## Instructions to follow
Repeat the listing word for word. Leave every picture out.

══ Source material

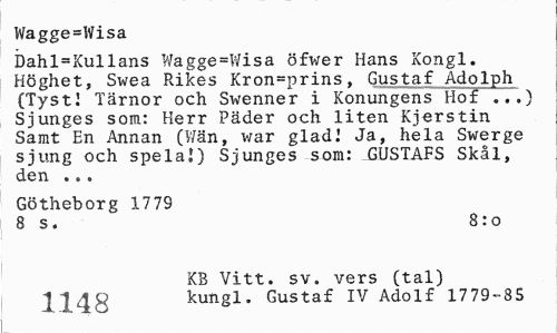 //// Wagge=Wisa //// bahl=Xullans Wagge=Wisa öfwer Hans Kongl. Höghet, Swea Rikes Kron=prins, Gustaf Adolph (Tyst! Tärnor och Swenner i Konungens Hof ...) Sjunges som: Herr Päder och liten Kjerstin Samt En Annan (V/än, war glad.* Ja, hela Swerge sjung och spela.') Sjunges som: GUSTAFS Skål, den ... //// Götheborg 177S //// 8 s. 8:0 //// KB Vitt. sv. vers (tal) //// 1148 kungl. Gustaf IV Adolf 1779-85 ////
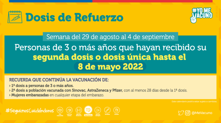 - Dosis de refuerzo a personas de 3 o más años que hayan recibido su segunda dosis o dosis única hasta el 8 de mayo 2022.
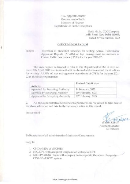 The undersigned is directed to refer to this Department’s O.M. of even no. dated 9th April, 2019 and to state that it has been decided to extend the timelines for writing APARs of top management incumbents of CPSEs for the year 2021-22 in the following manner: –
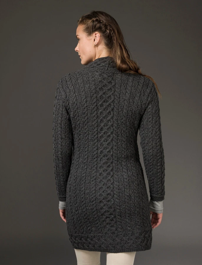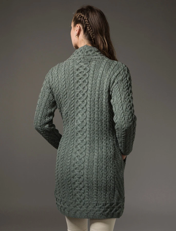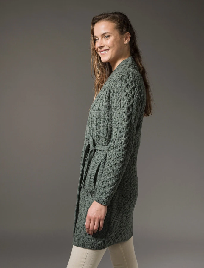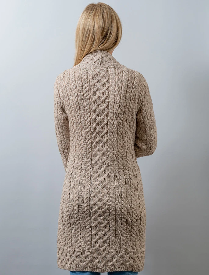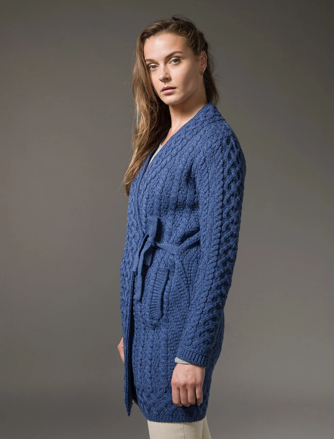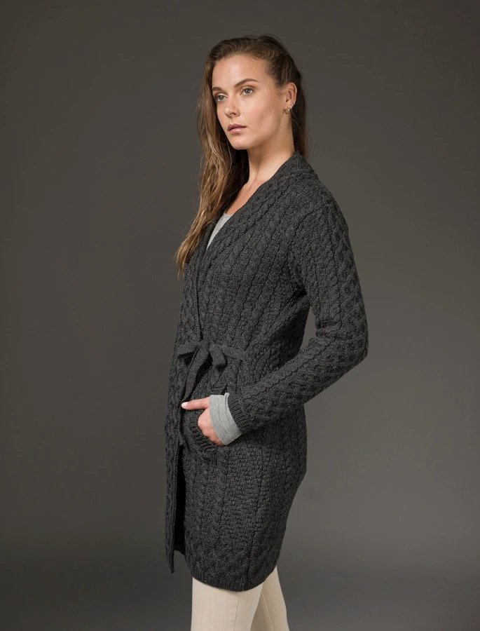 Our stunning Aran Wrap Cardigan is made with 100% pure new wool, a natural breathable fibre.

════

## Exercise answer
 //// Wagge=Wisa //// bahl=Xullans Wagge=Wisa öfwer Hans Kongl. Höghet, Swea Rikes Kron=prins, Gustaf Adolph (Tyst! Tärnor och Swenner i Konungens Hof ...) Sjunges som: Herr Päder och liten Kjerstin Samt En Annan (V/än, war glad.* Ja, hela Swerge sjung och spela.') Sjunges som: GUSTAFS Skål, den ... //// Götheborg 177S //// 8 s. 8:0 //// KB Vitt. sv. vers (tal) //// 1148 kungl. Gustaf IV Adolf 1779-85 ////
 - Dosis de refuerzo a personas de 3 o más años que hayan recibido su segunda dosis o dosis única hasta el 8 de mayo 2022.
 The undersigned is directed to refer to this Department’s O.M. of even no. dated 9th April, 2019 and to state that it has been decided to extend the timelines for writing APARs of top management incumbents of CPSEs for the year 2021-22 in the following manner: –
 Our stunning Aran Wrap Cardigan is made with 100% pure new wool, a natural breathable fibre.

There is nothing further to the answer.